Figuring out how plasma bubbles and blobs affect one another and ultimately the transmission of communications, GPS, and radar signals in Earth’s ionosphere will be the job of a recently selected CubeSat mission.
A team of NASA scientists and engineers, led by Jeffrey Klenzing and Sarah Jones, scientists at NASA’s Goddard Space Flight Center in Greenbelt, Maryland, recently won NASA funding to build the Plasma Enhancements in The Ionosphere-Thermosphere Satellite. The mission, also known as petitSat, is a precursor to a possible Explorer-class mission and leverages several R&D-supported technologies, including the satellite bus itself.
When it launches from the International Space Station in 2021, the mission will study density irregularities in the mid and low-latitude ionosphere, which occupies a tiny fraction of the atmosphere and is basically an ionized layer coexisting with the thermosphere roughly 50 to 250 miles above Earth’s surface.

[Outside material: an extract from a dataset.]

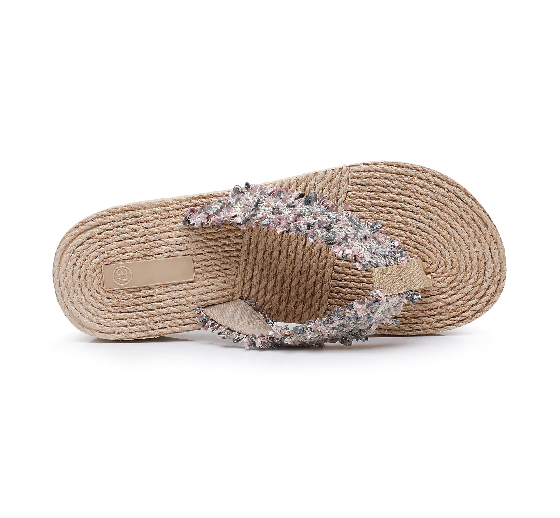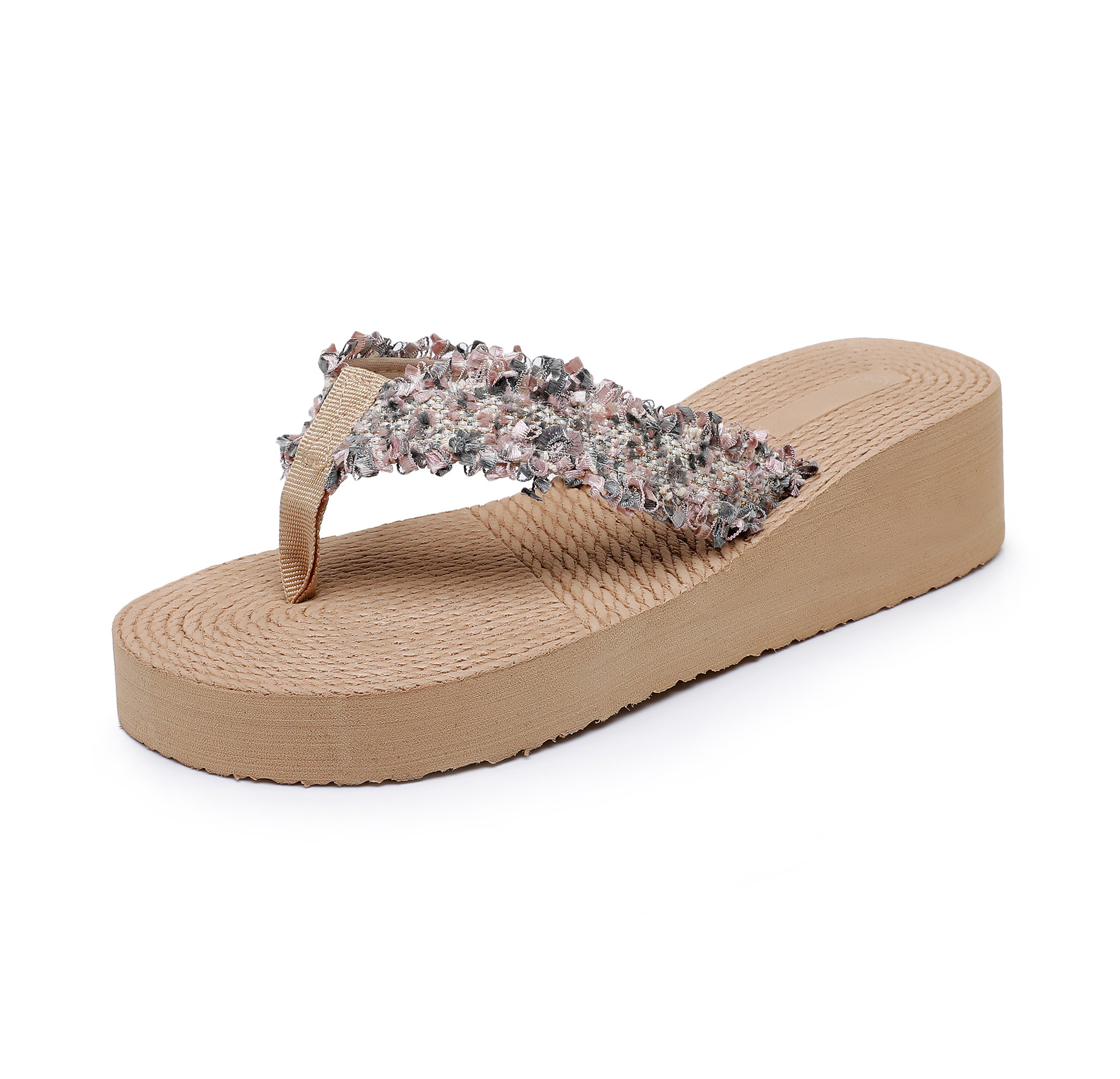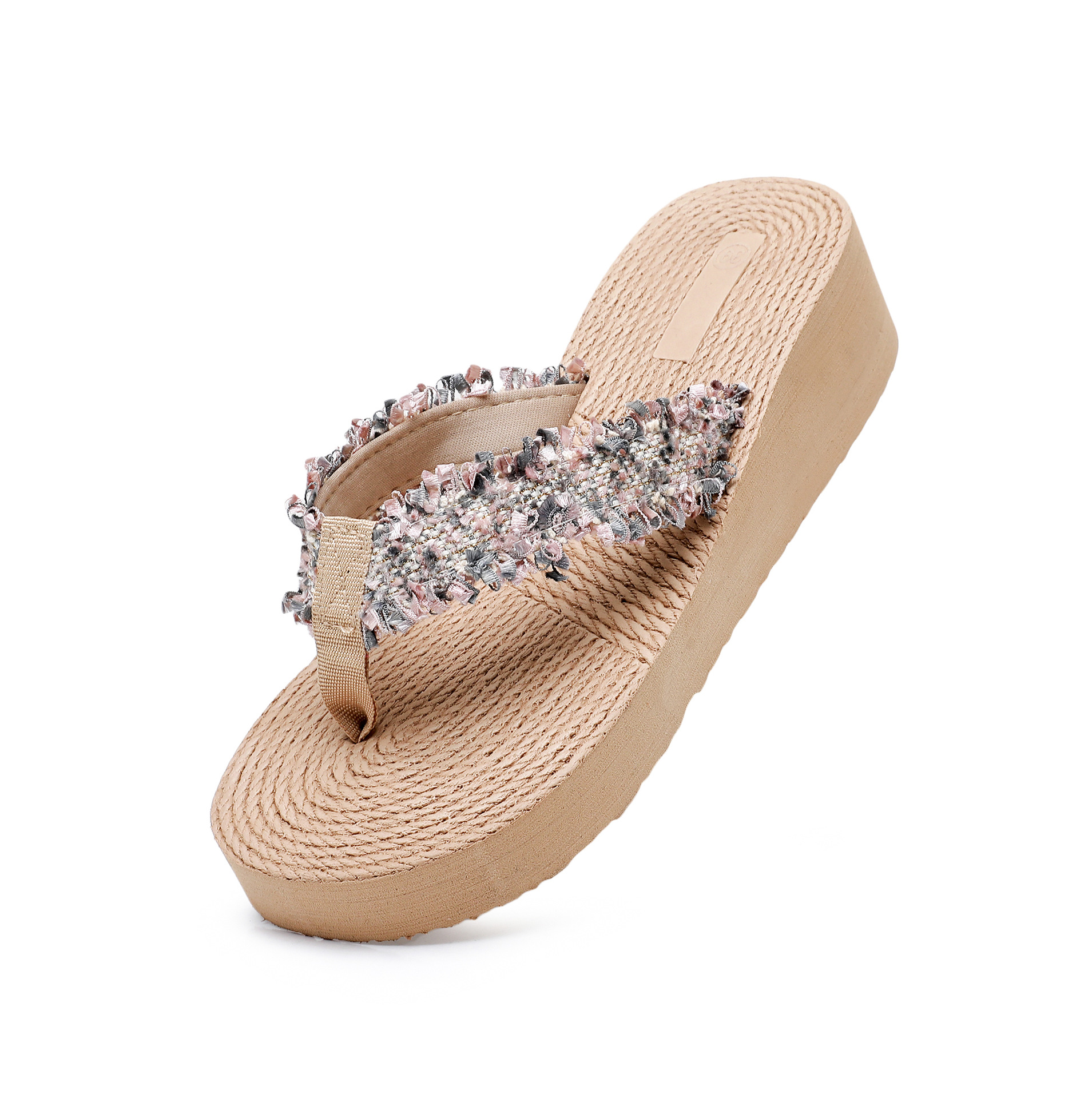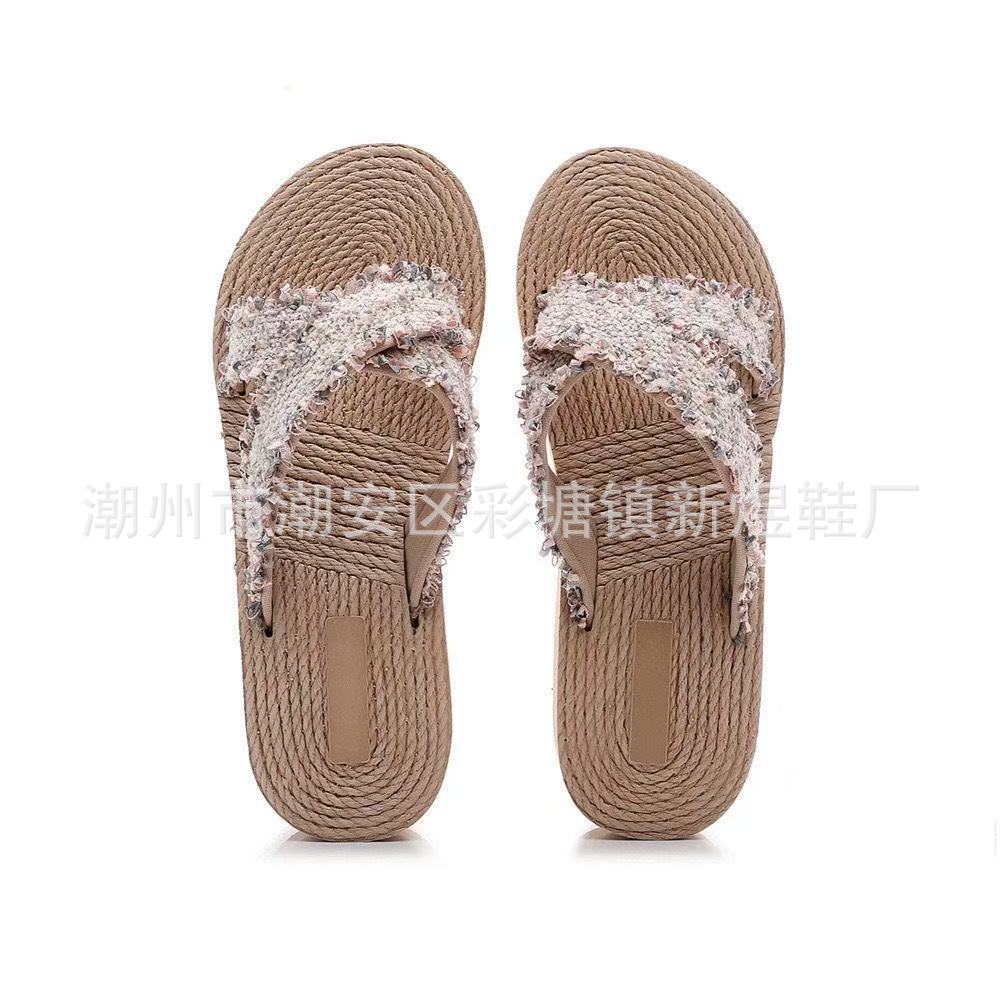 국경 간 여성 샤넬 스타일 내마모성 여성용 슬리퍼 여름 새로운 두꺼운 밑창 웨지 내마모성 대마 로프 플립 플롭 외착용

The ionosphere is a plasma, an ionized gas consisting of positive ions and free electrons. It is important to long-distance radio communication because it reflects radio waves back to Earth. Consequently, any perturbations in the density of the plasma interfere with GPS and radar signals.
These perturbations or irregularities come in the form of ionospheric depletions or bubbles, structures that contain fewer electrons, and enhancements or blobs that contain a greater number of electrons. “All these irregularities can distort the transmission of radio waves,” said Klenzing, the mission principal investigator.
Blobs and Bubbles: A Different Story
Previous studies of the blobs indicate that they can be the direct result of bubbles forming near the geomagnetic equator, Klenzing said. Other observations, however, tell a different story. The blobs can be observed in regions where bubbles do not extend and can form when bubbles do not.
They suggest that multiple mechanisms are at play, including fast-traveling waves coming from the thermosphere, a warm neutral atmospheric layer where most of the ionosphere resides. In fact, these wave-like thermospheric structures create waves in the ionosphere through ion-neutral drag—a phenomenon called Medium-Scale Traveling Ionospheric Disturbances, or MSTIDs. The resulting MSTIDs create electric fields that can transport energy from the summer hemisphere to the winter hemisphere. It is thought that the observed plasma blobs are the consequence of these electric fields.
“Our mission will investigate the link between these two phenomena—enhanced plasma density measurements, or blobs, and the wave action in the thermosphere,” Klenzing said.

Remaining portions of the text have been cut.